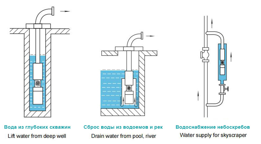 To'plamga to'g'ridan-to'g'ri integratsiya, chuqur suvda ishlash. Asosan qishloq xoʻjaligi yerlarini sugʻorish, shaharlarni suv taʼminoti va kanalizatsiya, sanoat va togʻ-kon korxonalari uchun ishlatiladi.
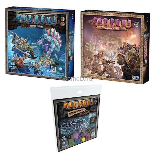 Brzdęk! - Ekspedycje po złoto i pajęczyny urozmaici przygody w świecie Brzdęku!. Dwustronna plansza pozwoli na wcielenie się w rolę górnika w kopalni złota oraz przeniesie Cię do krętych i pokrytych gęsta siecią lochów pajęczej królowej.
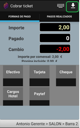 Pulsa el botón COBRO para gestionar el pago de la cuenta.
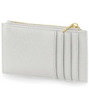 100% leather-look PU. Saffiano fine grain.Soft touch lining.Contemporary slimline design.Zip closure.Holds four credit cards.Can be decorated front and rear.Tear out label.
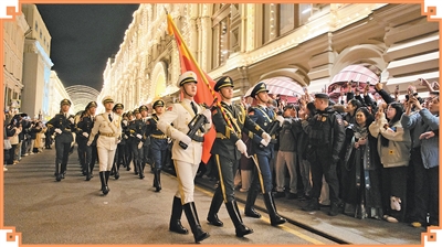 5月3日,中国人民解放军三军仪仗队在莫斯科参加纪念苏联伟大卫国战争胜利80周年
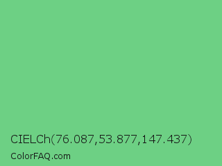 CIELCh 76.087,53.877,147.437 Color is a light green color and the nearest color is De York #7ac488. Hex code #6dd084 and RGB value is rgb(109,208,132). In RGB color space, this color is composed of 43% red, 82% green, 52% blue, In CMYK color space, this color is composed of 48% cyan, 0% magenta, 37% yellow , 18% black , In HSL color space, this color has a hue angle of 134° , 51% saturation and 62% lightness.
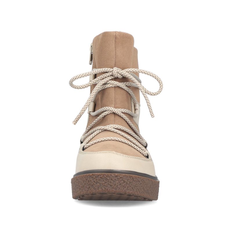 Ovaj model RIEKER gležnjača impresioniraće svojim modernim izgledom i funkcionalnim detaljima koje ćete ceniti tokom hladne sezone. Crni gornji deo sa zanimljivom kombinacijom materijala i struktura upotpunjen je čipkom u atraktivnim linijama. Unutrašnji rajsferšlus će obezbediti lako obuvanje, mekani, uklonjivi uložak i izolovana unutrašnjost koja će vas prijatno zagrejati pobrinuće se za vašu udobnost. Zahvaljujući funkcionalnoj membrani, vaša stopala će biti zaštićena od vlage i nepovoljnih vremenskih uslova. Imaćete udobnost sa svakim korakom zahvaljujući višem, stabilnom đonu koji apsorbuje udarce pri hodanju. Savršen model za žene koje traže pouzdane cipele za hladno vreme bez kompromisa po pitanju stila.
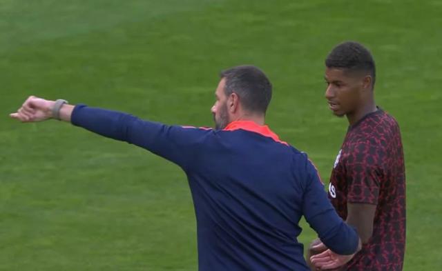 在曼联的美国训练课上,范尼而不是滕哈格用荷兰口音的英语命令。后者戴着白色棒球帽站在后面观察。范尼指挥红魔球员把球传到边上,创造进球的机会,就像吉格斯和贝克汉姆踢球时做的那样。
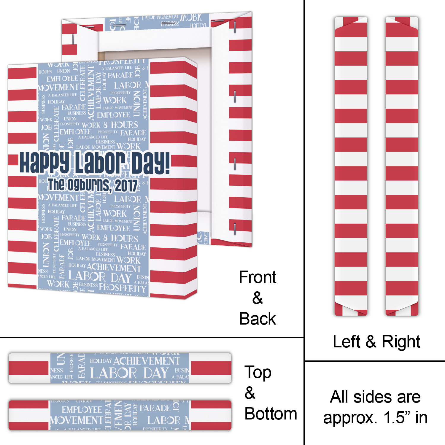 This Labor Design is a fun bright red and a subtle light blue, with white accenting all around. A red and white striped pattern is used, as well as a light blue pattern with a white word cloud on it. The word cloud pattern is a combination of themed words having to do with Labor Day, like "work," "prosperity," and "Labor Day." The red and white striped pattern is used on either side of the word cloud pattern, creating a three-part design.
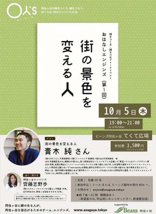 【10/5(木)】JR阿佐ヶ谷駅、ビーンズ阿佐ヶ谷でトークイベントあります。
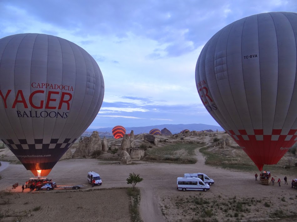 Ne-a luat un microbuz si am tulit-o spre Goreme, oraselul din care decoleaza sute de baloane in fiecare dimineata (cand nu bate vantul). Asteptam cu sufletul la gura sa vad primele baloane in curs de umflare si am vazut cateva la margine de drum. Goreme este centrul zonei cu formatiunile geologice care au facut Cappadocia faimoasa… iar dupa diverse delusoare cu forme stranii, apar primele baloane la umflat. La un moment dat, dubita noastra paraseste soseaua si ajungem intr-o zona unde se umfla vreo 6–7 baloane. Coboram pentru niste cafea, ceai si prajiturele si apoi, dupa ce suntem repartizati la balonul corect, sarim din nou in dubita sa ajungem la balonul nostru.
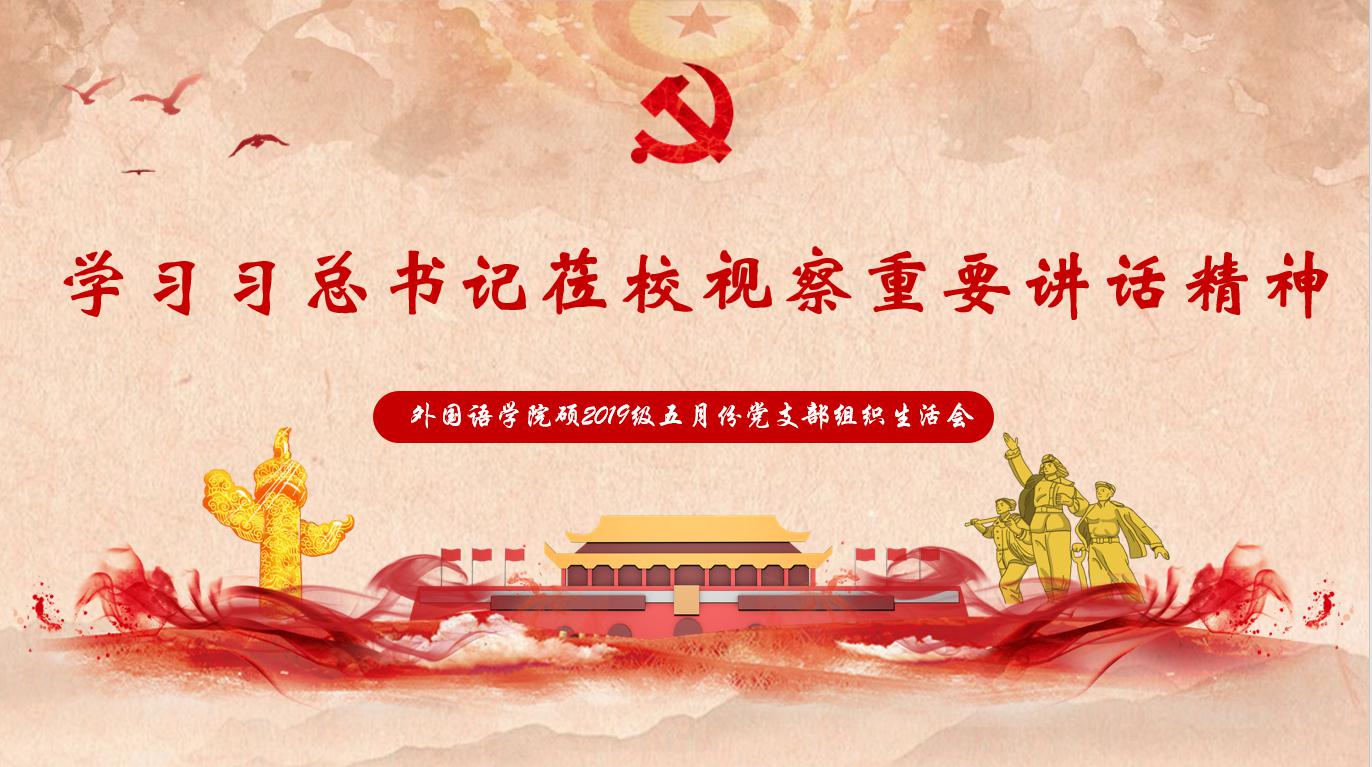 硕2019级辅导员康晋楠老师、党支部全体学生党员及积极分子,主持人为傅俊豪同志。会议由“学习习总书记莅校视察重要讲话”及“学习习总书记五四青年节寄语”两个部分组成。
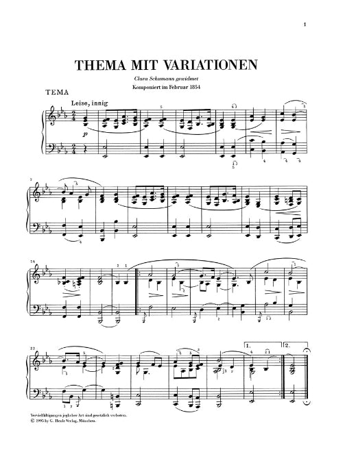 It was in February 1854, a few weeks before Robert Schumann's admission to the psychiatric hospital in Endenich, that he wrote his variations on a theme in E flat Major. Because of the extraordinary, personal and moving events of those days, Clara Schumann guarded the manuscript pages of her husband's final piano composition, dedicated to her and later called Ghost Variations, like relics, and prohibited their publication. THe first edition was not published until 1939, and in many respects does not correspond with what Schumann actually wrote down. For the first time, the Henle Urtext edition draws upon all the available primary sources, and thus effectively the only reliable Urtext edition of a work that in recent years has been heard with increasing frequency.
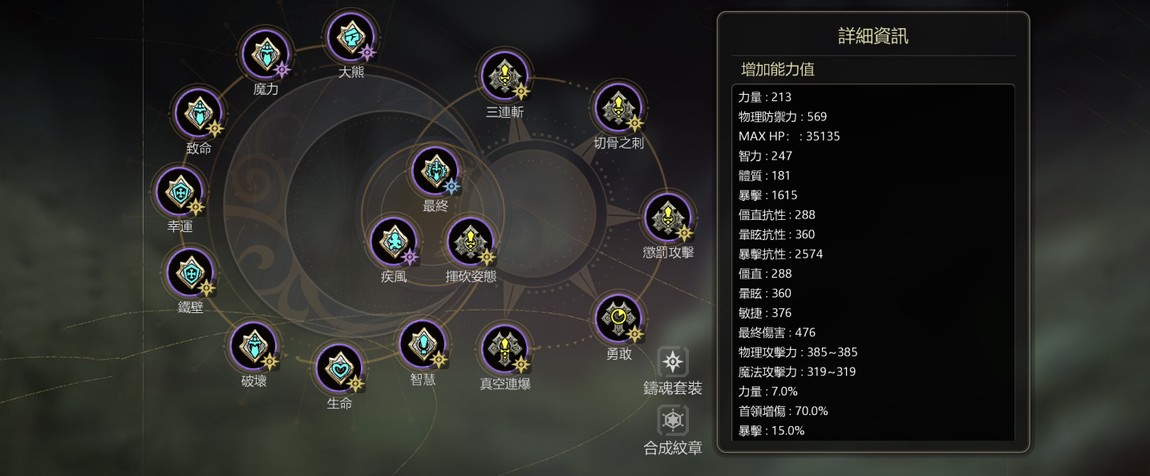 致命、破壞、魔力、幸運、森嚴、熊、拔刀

__________

| Exercise brief |
For this exercise, print all of the entries exactly as they appear, but without pictures.

| Answer to this task |
 To'plamga to'g'ridan-to'g'ri integratsiya, chuqur suvda ishlash. Asosan qishloq xoʻjaligi yerlarini sugʻorish, shaharlarni suv taʼminoti va kanalizatsiya, sanoat va togʻ-kon korxonalari uchun ishlatiladi.
 Brzdęk! - Ekspedycje po złoto i pajęczyny urozmaici przygody w świecie Brzdęku!. Dwustronna plansza pozwoli na wcielenie się w rolę górnika w kopalni złota oraz przeniesie Cię do krętych i pokrytych gęsta siecią lochów pajęczej królowej.
 Pulsa el botón COBRO para gestionar el pago de la cuenta.
 100% leather-look PU. Saffiano fine grain.Soft touch lining.Contemporary slimline design.Zip closure.Holds four credit cards.Can be decorated front and rear.Tear out label.
 5月3日,中国人民解放军三军仪仗队在莫斯科参加纪念苏联伟大卫国战争胜利80周年
 CIELCh 76.087,53.877,147.437 Color is a light green color and the nearest color is De York #7ac488. Hex code #6dd084 and RGB value is rgb(109,208,132). In RGB color space, this color is composed of 43% red, 82% green, 52% blue, In CMYK color space, this color is composed of 48% cyan, 0% magenta, 37% yellow , 18% black , In HSL color space, this color has a hue angle of 134° , 51% saturation and 62% lightness.
 Ovaj model RIEKER gležnjača impresioniraće svojim modernim izgledom i funkcionalnim detaljima koje ćete ceniti tokom hladne sezone. Crni gornji deo sa zanimljivom kombinacijom materijala i struktura upotpunjen je čipkom u atraktivnim linijama. Unutrašnji rajsferšlus će obezbediti lako obuvanje, mekani, uklonjivi uložak i izolovana unutrašnjost koja će vas prijatno zagrejati pobrinuće se za vašu udobnost. Zahvaljujući funkcionalnoj membrani, vaša stopala će biti zaštićena od vlage i nepovoljnih vremenskih uslova. Imaćete udobnost sa svakim korakom zahvaljujući višem, stabilnom đonu koji apsorbuje udarce pri hodanju. Savršen model za žene koje traže pouzdane cipele za hladno vreme bez kompromisa po pitanju stila.
 在曼联的美国训练课上,范尼而不是滕哈格用荷兰口音的英语命令。后者戴着白色棒球帽站在后面观察。范尼指挥红魔球员把球传到边上,创造进球的机会,就像吉格斯和贝克汉姆踢球时做的那样。
 This Labor Design is a fun bright red and a subtle light blue, with white accenting all around. A red and white striped pattern is used, as well as a light blue pattern with a white word cloud on it. The word cloud pattern is a combination of themed words having to do with Labor Day, like "work," "prosperity," and "Labor Day." The red and white striped pattern is used on either side of the word cloud pattern, creating a three-part design.
 【10/5(木)】JR阿佐ヶ谷駅、ビーンズ阿佐ヶ谷でトークイベントあります。
 Ne-a luat un microbuz si am tulit-o spre Goreme, oraselul din care decoleaza sute de baloane in fiecare dimineata (cand nu bate vantul). Asteptam cu sufletul la gura sa vad primele baloane in curs de umflare si am vazut cateva la margine de drum. Goreme este centrul zonei cu formatiunile geologice care au facut Cappadocia faimoasa… iar dupa diverse delusoare cu forme stranii, apar primele baloane la umflat. La un moment dat, dubita noastra paraseste soseaua si ajungem intr-o zona unde se umfla vreo 6–7 baloane. Coboram pentru niste cafea, ceai si prajiturele si apoi, dupa ce suntem repartizati la balonul corect, sarim din nou in dubita sa ajungem la balonul nostru.
 硕2019级辅导员康晋楠老师、党支部全体学生党员及积极分子,主持人为傅俊豪同志。会议由“学习习总书记莅校视察重要讲话”及“学习习总书记五四青年节寄语”两个部分组成。
 It was in February 1854, a few weeks before Robert Schumann's admission to the psychiatric hospital in Endenich, that he wrote his variations on a theme in E flat Major. Because of the extraordinary, personal and moving events of those days, Clara Schumann guarded the manuscript pages of her husband's final piano composition, dedicated to her and later called Ghost Variations, like relics, and prohibited their publication. THe first edition was not published until 1939, and in many respects does not correspond with what Schumann actually wrote down. For the first time, the Henle Urtext edition draws upon all the available primary sources, and thus effectively the only reliable Urtext edition of a work that in recent years has been heard with increasing frequency.
 致命、破壞、魔力、幸運、森嚴、熊、拔刀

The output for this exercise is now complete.